Supreme Court, Social Chamber, February 5, 2025 – No. 22-15.172
In this case, a female employee was dismissed for gross misconduct by letter dated September 26, 2018. The difficulty lies in the chronology of the case, as follows:
- On August 17, 2018, the management received an email from an employee, alerting them to continuous and disparaging criticisms from another specifically named employee, as well as surveillance by video by this same employee.
- On August 29, 2018, the company sent the employee targeted by these accusations a meeting report outlining the alleged facts.
- Between September 8 and 11, 2018, the company gathered testimonies from employees and former employees confirming the facts and revealing some new details.
- On September 26, 2018, the employee was dismissed for gross misconduct, with the dismissal letter explicitly referring to the August 29, 2018, letter.
The dismissed employee filed a claim before labor court to challenge the dismissal. An appeal was then filed, arguing that the dismissal was not for a real and serious grounds, particularly on the grounds that the August 29 letter should be considered a disciplinary warning, meaning the employer had exhausted their disciplinary powers. The employer then appealed to the Supreme Court.
The employer criticized the Colmar Court of Appeal for ruling that the dismissal was without real and serious grounds, and for condemning the employer to pay various sums to the employee, arguing that:
- The employer may consider all the wrongful acts committed by the employee, the exact nature, scope, and seriousness of which could only be known after an internal investigation, in order to justify a dismissal for gross misconduct.
- The continuation of wrongful conduct by an employee allows the employer to rely on similar facts, including those already sanctioned, to characterize a gross misconduct.
The Supreme Court, referencing Article L.1331-1 of the French Labor Code, reminded that although the same wrongful act cannot lead to double sanction, the continuation of wrongful behavior by an employee allows the employer to rely on these acts, including those already sanctioned, to establish a gross misconduct.
It applied this principle to situations where the employer discovers wrongful acts after the initial sanction, regardless of the exact dates of the acts. In this case, despite the initial report made on August 17, 2018, it was only after the internal investigation that the company became aware of the severity of the employee’s actions, thanks to testimony collected between September 8 and 11, 2018.

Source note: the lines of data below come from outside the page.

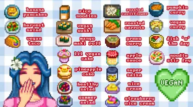 《星露谷物语》山谷中的素食主义者MOD,添加(而不是替换)21 个纯素食谱到您的游戏中,仅使用原版成分!用鹈鹕镇最健康的菜肴给你的农民一些很棒的增益!
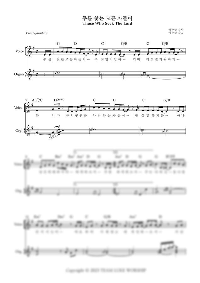 팀룩워십의 주를 찾는 모든 자들이 G키 보컬악보이며
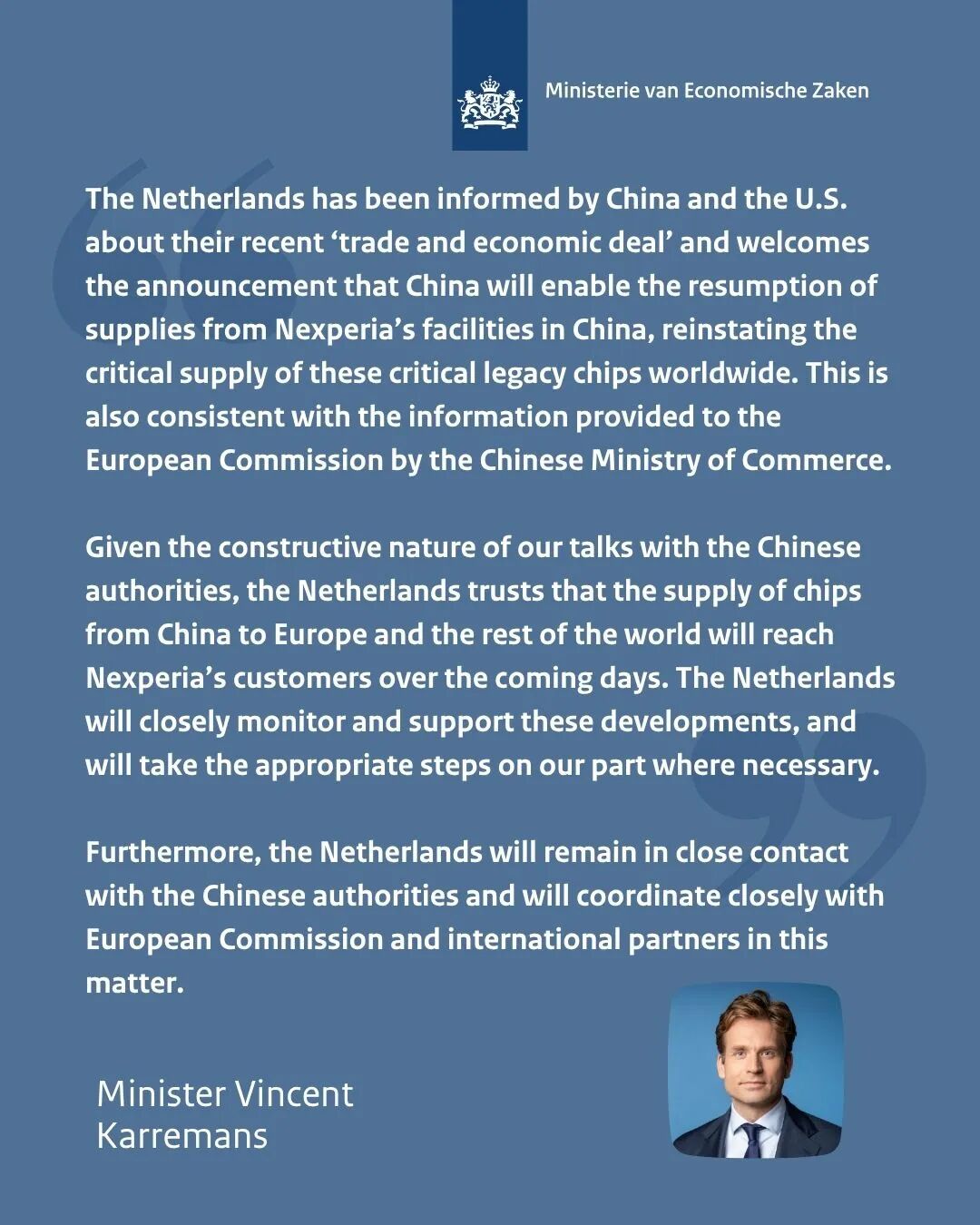 荷兰政府11月7日发布声明称,荷兰经济大臣卡雷曼斯表示,欢迎中方会为安世中国工厂恢复供货提供便利的表态,“鉴于我们同中方的会谈富有建设性,相信中国供应至欧洲和世界其它地区的芯片将在未来几天送达安世客户手中”。
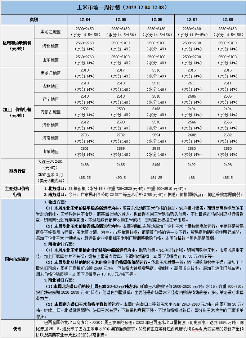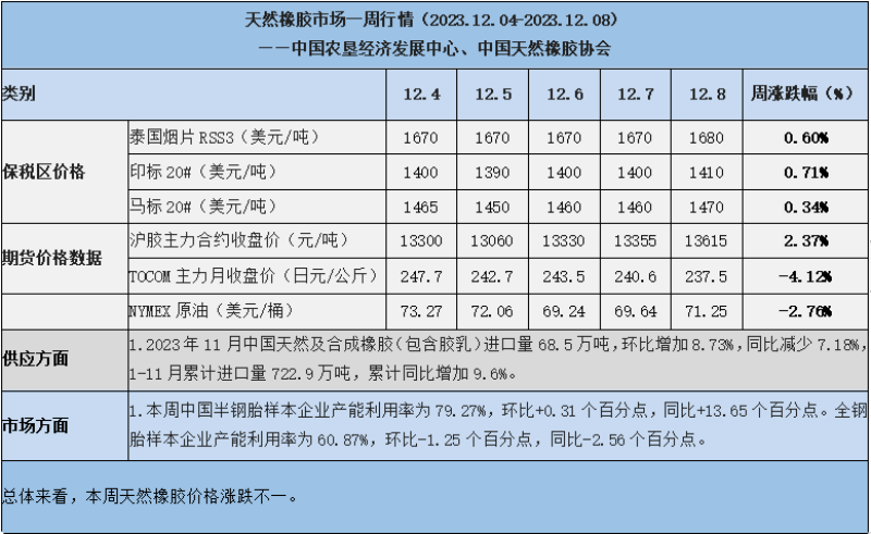 天然橡膠、大豆、玉米市場一周行情(2023.12.04-12.08)
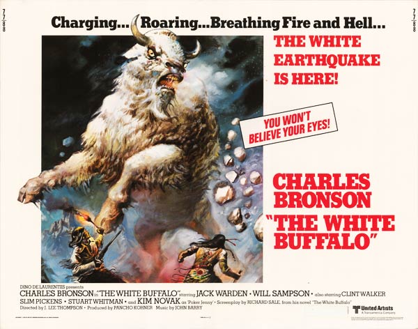 PT : I love THE WHITE BUFFALO. I remember being excited by the TV commercials and newspaper ads when it first came out. I didnβt get to see it when it was in theaters because it did not play near me. I had to wait until it played on TV under the title HUNT TO KILL. Iβve seen it many times since. It has an eerie, surreal quality to it. It was a costly flop when it was first released and it used to be considered a βbad movie.β But, as you said, it has been building a strong cult following among Bronson, Western, and monster-movie fans. I have done extensive research on the film and on the real-life Wild Bill Hickok and Crazy Horse. I will be doing an audio commentary track for a Blu-ray with a new 2K transfer that will be released in 2022.
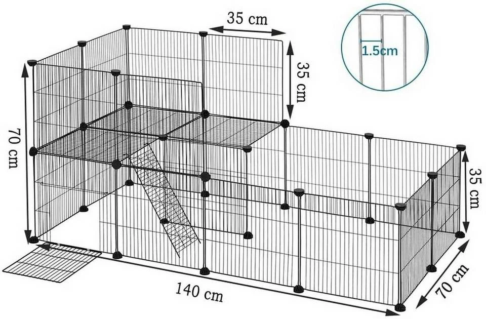 - Der mit einer Kappe versehene Haustierzaun eignet sich besonders für kleine Haustiere mit starken Sprungfähigkeiten
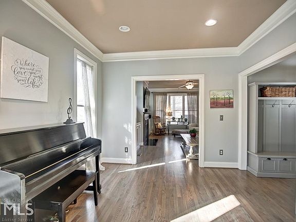- Interior: Foyer - Entrance, Ceilings 9 Ft Plus, Double Vanity, Bookcases, Garden Tub, Ceilings - Trey, Hardwood Floors
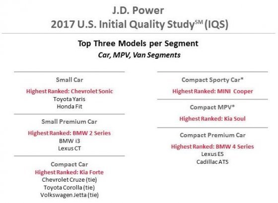 기아차 카덴자(국내명 K7)이번 신차품질조사는 지난해 11월부터 올해 2월까지 미국에서 판매된 신차를 대상으로 구입 후 3개월이 지난 차량의 고객들에게 233개 항목에 대한 품질 만족도를 조사해 100대 당 불만건수로 나타낸 결과다. 점수가 낮을수록 품질만족도가 높다는 것을 뜻한다. 조사결과는 미국 소비자들의 자동차 구매기준으로 활용되며 업체별 품질 경쟁력을 가늠하는 핵심 지표로도 사용된다.
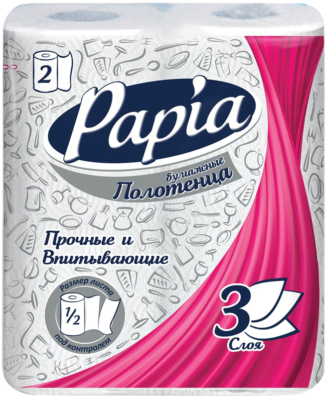 Полотенца бум. PAPIA 3сл. 2шт/уп

This ruling is of interest for several reasons:
- It reiterates a well-known principle: “The continuation of wrongful behavior by an employee allows the employer to rely on similar acts, including those already sanctioned, to characterize a gross misconduct” (Supreme Court, September 30, 2004, No. 02-44.030).
- It applies this principle to the post-sanction revelation (via an internal investigation) of the extent of the misconduct through new facts, thus confirming its previous case law (Supreme Court, April 16, 2015, No. 13-27.271).
- It implicitly confirms the nature of a sanction in a meeting report sent to the employee during the investigation, where the employee’s actions are described as “intolerable“, and the employer requests the employee to improve their behavior.
This decision serves as a reminder to employers to be extremely careful when drafting letters/emails to employees that address their behavior, as such communications can easily be considered as warnings, thus potentially exhausting the employer’s disciplinary powers.
In the present case, if the testimonies gathered during the internal investigation had not revealed new aggravating facts, the decision of the Supreme Court would likely have been different.